As $z$ approaches $1$, the value of $f$ clearly approaches $N$. To see the difference term, we observe that as $z\rightarrow 1$, we have $z^p = (1 + (z-1))^p = 1 + p(z-1) + O(|z-1|^2)$ by the binomial series. Hence $$ f(z) - N = \sum_{n=1}^N (z^{1/N} - 1) = \sum_{n=1}^N \frac1n(z-1) + O(|z-1|^2) = (H_N)(z-1) + O(|z-1|^2) $$ where $H_N$ is the $N$th harmonic number. One can use the binomial series similarly to get higher order terms if you want. Since the function is differentiable, for any point you will have more generally as $z\rightarrow c$, $f(z)-f(c) = f'(c) (z-c) + O(|z-c|^2)$.

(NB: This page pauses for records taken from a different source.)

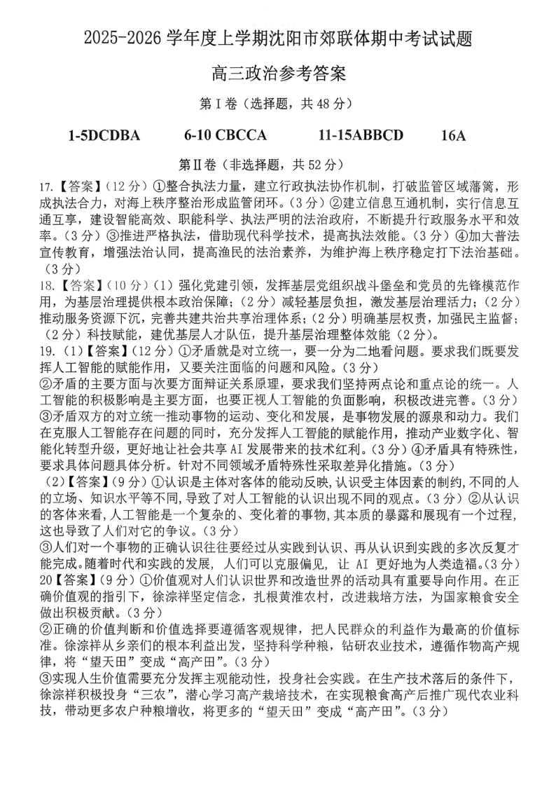 沈阳市郊联体2025一2026学年度上学期高三年级期中考试 政治答案.pdf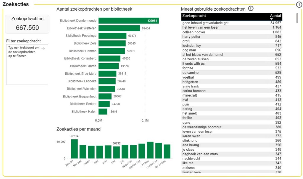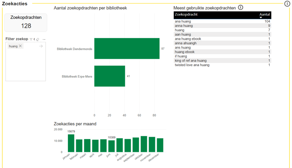Aantal zoekopdrachten per bibliotheek: Aantal ingevoerde zoekopdrachten uitgesplitst per bibliotheek.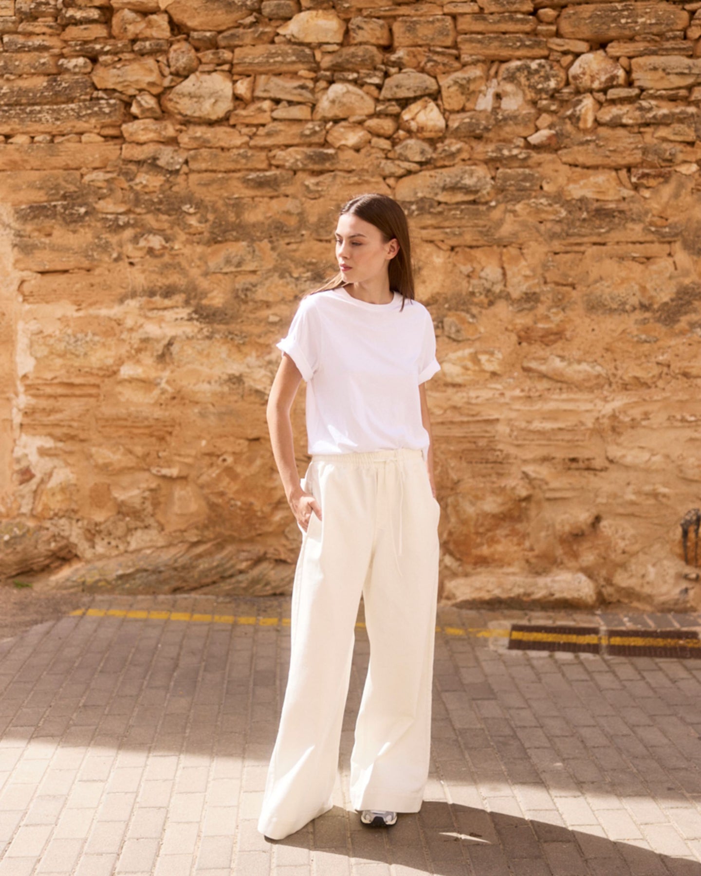 Damen Offwhite Wide Leg Hose aus Organic Cotton von WOTE, locker geschnittene Passform mit elastischem Bund, kombiniert mit weißem T-Shirt.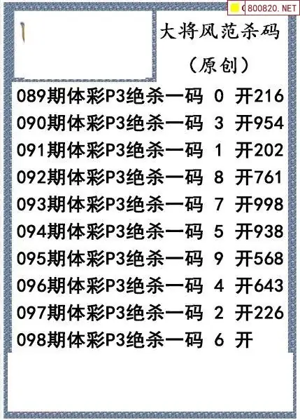 26年098期大将风范p3杀码体彩图谜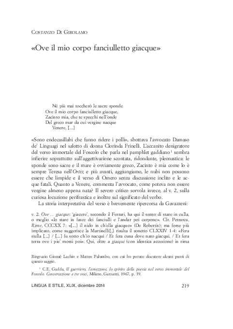 Pdf Costanzo Di Girolamo Ove Il Mio Corpo Fanciulletto Giacque Lingua E Stile 49 2014 219 235 Costanzo Di Girolamo Academia Edu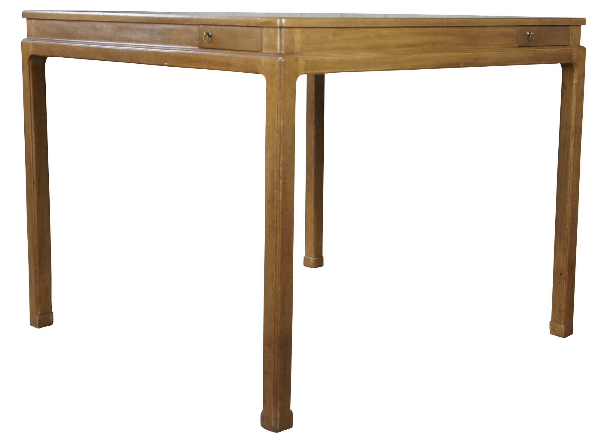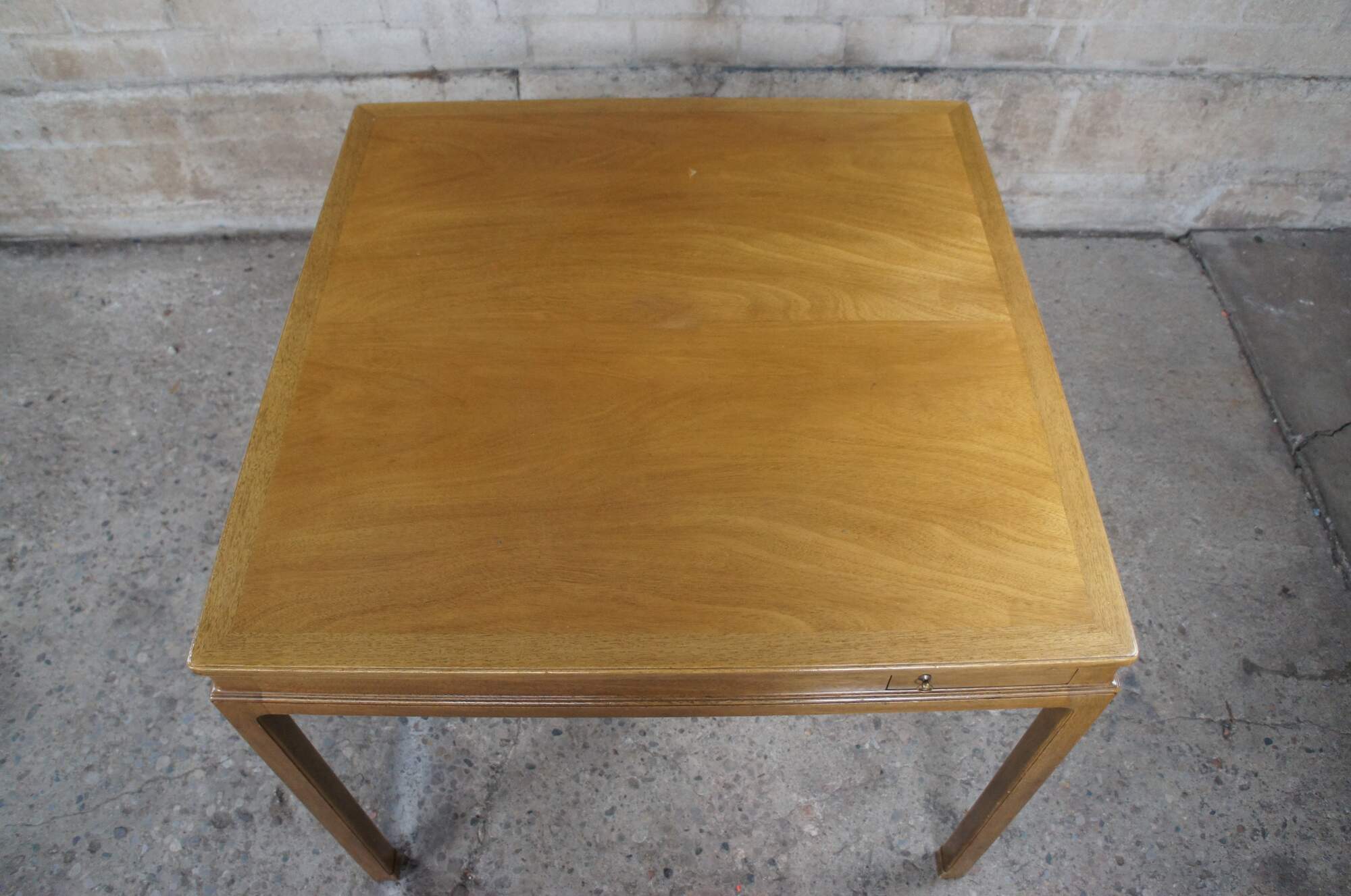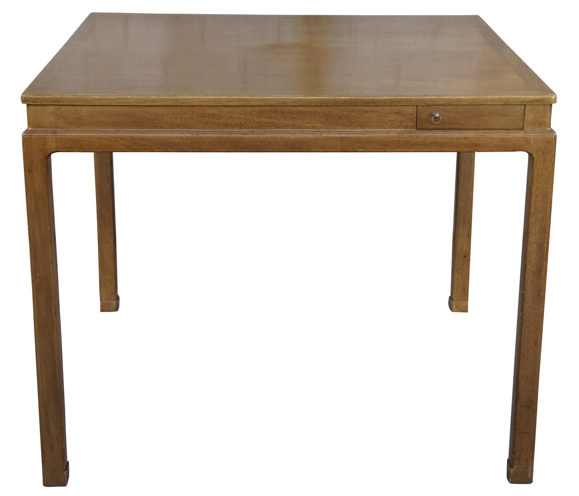 A rare Edward Wormley for Dunbar Card or Game Table, circa 1950s. A square form made from mahogany with cork lined pull-out coasters and original brass ring pulls. Designed by Edward Wormley in 1946 (as model #4615) and produced by Dunbar Furniture. Finish number 48. Retains original paper label and brass tag along underside.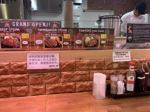 3层4层都有餐厅,我们吃的4层的吉野家合作款面条,只能现金支付。

For historical reasons this is the asymptotics in terms of $N$: We have $$ z^{1/N} = \sum_{k=0}^\infty \frac{(\log z)^k}{k!} \frac1{N^k} = 1 + \frac{\log z}{N} +O(1/N^2) $$ hence we have $$ \sum_{n=1}^N z^{1/n} = N + (\log z)\sum_{n=1}^N \frac1n +O(1) = N + (\log z)(\log N) + O(1) $$